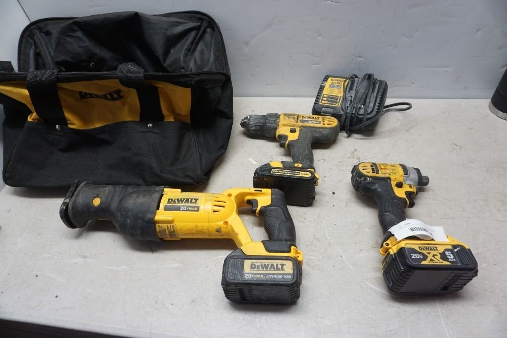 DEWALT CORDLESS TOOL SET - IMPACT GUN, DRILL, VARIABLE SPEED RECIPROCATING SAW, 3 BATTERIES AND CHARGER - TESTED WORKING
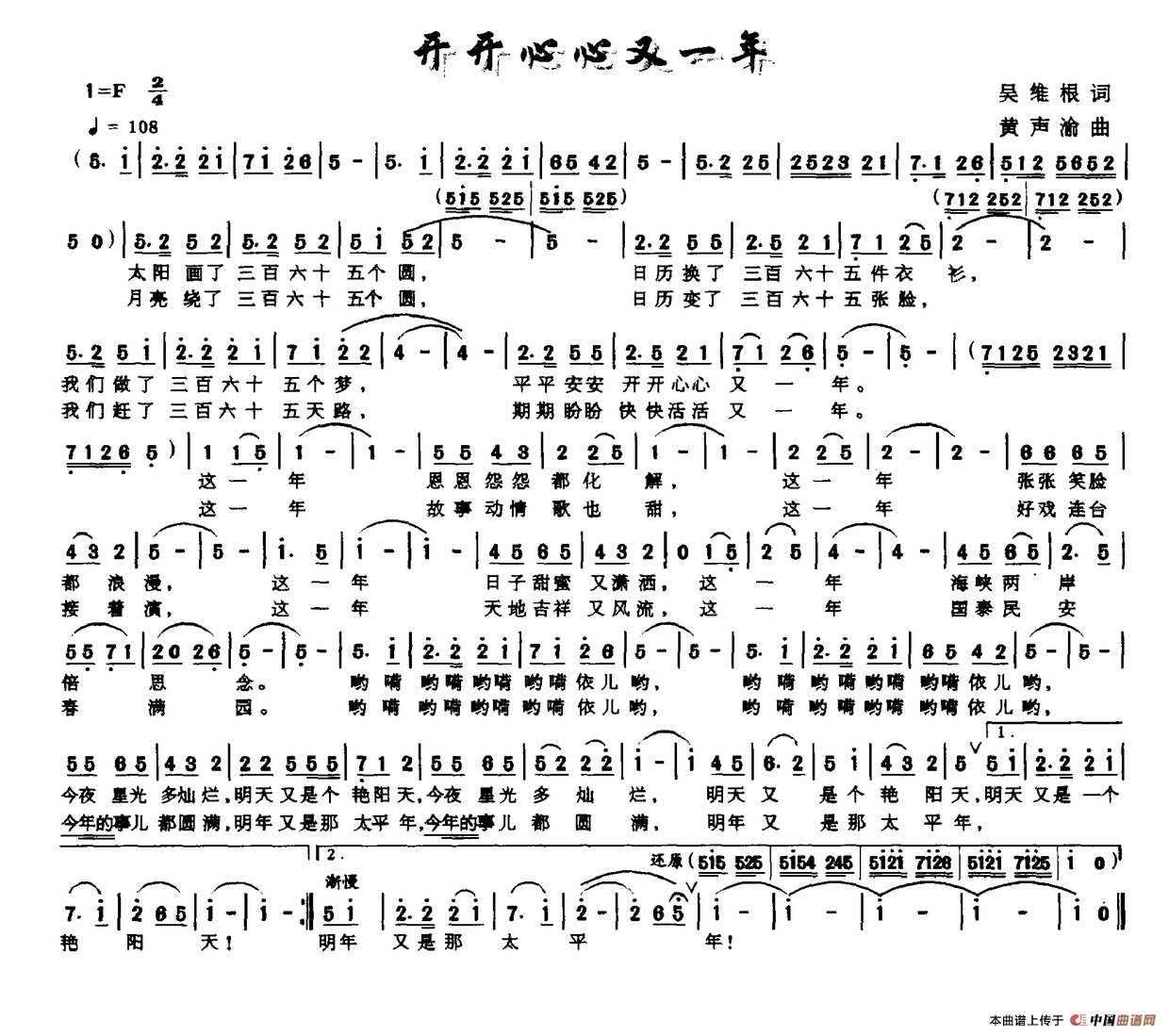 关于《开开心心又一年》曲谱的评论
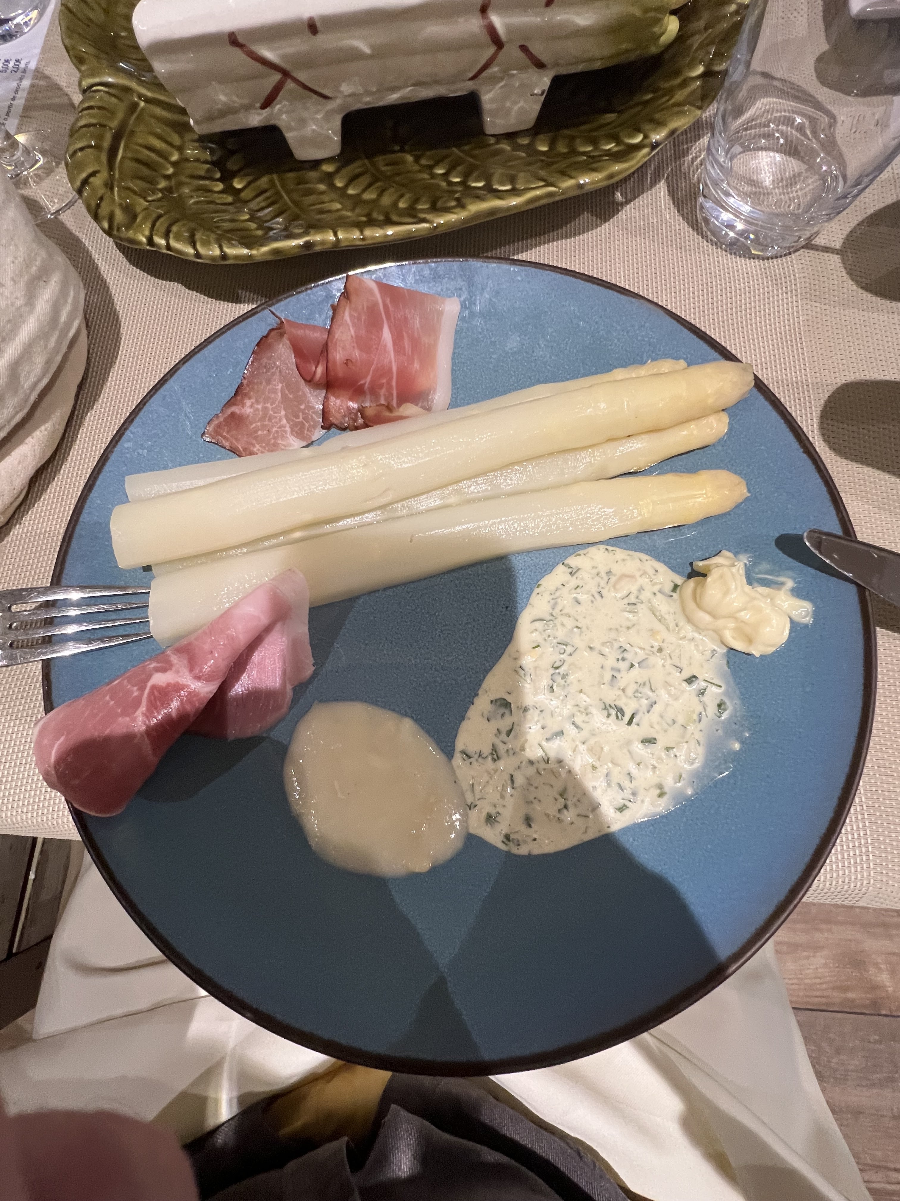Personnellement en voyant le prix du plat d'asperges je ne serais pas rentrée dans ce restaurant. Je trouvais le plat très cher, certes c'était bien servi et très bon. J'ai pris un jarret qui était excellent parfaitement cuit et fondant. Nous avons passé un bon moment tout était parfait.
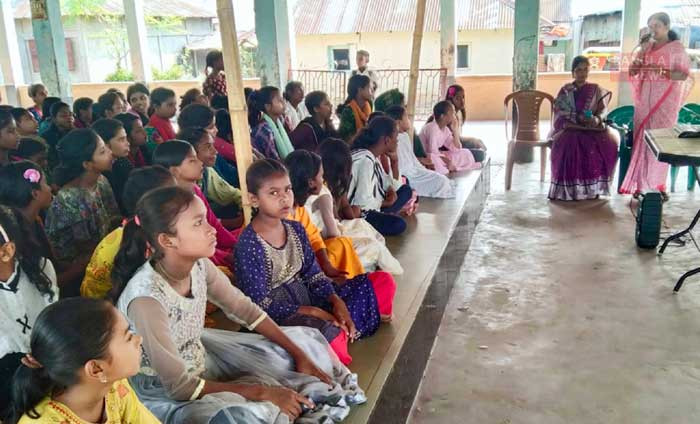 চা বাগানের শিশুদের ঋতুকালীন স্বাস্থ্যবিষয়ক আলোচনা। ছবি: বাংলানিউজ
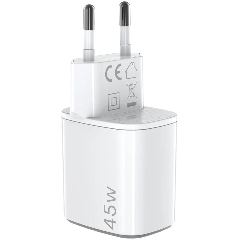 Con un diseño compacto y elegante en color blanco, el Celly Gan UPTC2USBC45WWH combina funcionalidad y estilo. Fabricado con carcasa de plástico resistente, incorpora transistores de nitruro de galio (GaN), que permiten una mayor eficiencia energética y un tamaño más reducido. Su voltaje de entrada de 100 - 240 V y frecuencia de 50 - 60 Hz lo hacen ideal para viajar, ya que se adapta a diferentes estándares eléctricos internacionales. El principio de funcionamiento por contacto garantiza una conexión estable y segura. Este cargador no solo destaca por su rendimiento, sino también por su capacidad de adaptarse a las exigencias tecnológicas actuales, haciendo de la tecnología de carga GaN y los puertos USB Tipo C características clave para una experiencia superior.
...
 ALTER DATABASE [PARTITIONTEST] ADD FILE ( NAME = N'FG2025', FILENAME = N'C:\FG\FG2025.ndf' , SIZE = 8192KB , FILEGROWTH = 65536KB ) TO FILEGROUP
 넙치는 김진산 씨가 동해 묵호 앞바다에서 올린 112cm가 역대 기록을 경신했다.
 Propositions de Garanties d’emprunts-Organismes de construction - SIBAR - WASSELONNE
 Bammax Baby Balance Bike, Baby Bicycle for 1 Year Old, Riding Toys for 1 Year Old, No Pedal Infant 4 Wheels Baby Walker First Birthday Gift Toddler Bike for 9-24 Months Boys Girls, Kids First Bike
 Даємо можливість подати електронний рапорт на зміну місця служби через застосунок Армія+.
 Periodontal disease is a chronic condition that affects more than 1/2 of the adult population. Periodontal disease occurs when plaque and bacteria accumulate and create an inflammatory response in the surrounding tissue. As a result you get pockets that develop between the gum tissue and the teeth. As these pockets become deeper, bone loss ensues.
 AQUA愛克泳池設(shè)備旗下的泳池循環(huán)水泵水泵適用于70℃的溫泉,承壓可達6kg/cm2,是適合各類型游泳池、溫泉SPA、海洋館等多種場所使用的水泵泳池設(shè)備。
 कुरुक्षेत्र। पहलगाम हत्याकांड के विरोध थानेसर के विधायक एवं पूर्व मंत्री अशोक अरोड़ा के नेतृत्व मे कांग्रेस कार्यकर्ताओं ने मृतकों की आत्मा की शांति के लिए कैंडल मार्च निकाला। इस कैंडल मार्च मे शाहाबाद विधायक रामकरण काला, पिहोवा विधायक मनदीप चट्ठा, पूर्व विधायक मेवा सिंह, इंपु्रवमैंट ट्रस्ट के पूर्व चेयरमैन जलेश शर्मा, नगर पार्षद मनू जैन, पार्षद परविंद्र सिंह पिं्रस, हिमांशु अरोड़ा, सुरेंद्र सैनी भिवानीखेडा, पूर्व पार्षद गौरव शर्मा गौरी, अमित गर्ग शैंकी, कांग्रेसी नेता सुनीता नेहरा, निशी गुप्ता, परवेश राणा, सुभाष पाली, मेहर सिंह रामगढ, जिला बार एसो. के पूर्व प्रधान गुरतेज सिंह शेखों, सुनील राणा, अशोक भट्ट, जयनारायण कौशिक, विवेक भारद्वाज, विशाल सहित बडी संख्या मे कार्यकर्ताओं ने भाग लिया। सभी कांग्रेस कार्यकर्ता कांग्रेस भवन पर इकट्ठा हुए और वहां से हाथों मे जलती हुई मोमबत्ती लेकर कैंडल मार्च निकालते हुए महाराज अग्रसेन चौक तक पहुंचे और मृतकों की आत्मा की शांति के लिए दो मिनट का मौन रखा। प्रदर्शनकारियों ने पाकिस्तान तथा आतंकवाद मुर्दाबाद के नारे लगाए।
--
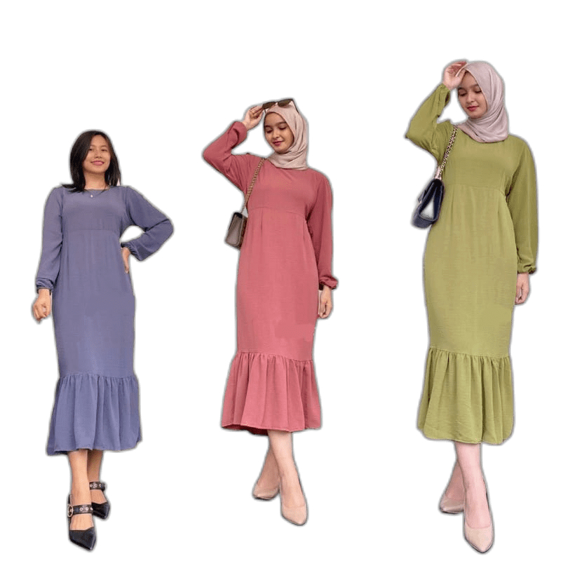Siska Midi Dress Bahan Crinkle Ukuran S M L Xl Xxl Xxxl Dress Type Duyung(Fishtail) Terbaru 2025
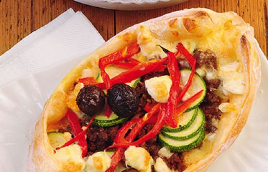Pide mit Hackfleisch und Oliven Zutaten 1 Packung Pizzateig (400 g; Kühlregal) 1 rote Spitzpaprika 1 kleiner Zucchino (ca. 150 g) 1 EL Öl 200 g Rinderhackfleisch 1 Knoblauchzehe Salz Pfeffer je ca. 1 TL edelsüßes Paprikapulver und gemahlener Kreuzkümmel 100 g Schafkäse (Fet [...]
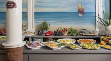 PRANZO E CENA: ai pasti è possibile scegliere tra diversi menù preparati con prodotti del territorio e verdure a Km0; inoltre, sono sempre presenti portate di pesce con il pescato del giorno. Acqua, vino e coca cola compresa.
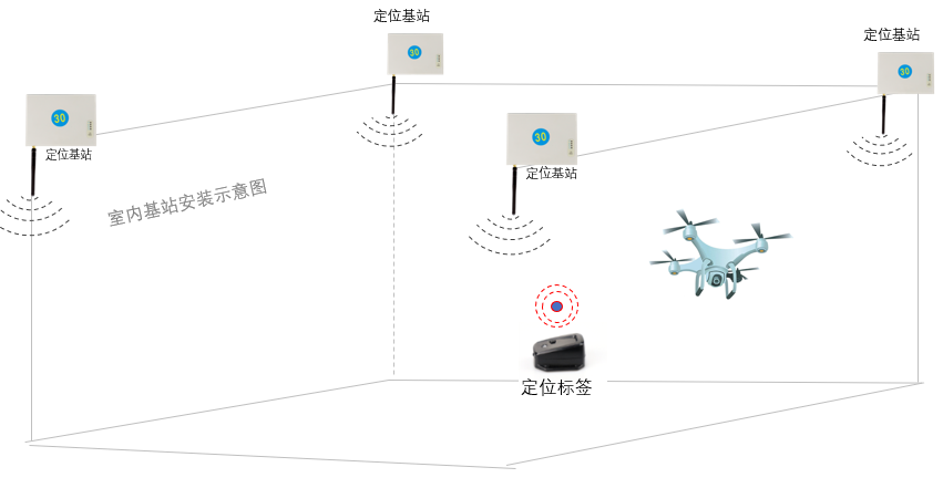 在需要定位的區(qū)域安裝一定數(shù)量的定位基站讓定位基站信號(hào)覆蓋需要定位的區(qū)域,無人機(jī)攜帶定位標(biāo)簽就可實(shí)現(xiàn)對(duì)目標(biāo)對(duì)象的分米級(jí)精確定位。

Task> From the records above, give again exactly the lines running from the line with "Bammax Baby Balance" to the line with "AQUA愛克泳池設(shè)", inclusive.

Task answer>
 Bammax Baby Balance Bike, Baby Bicycle for 1 Year Old, Riding Toys for 1 Year Old, No Pedal Infant 4 Wheels Baby Walker First Birthday Gift Toddler Bike for 9-24 Months Boys Girls, Kids First Bike
 Даємо можливість подати електронний рапорт на зміну місця служби через застосунок Армія+.
 Periodontal disease is a chronic condition that affects more than 1/2 of the adult population. Periodontal disease occurs when plaque and bacteria accumulate and create an inflammatory response in the surrounding tissue. As a result you get pockets that develop between the gum tissue and the teeth. As these pockets become deeper, bone loss ensues.
 AQUA愛克泳池設(shè)備旗下的泳池循環(huán)水泵水泵適用于70℃的溫泉,承壓可達6kg/cm2,是適合各類型游泳池、溫泉SPA、海洋館等多種場所使用的水泵泳池設(shè)備。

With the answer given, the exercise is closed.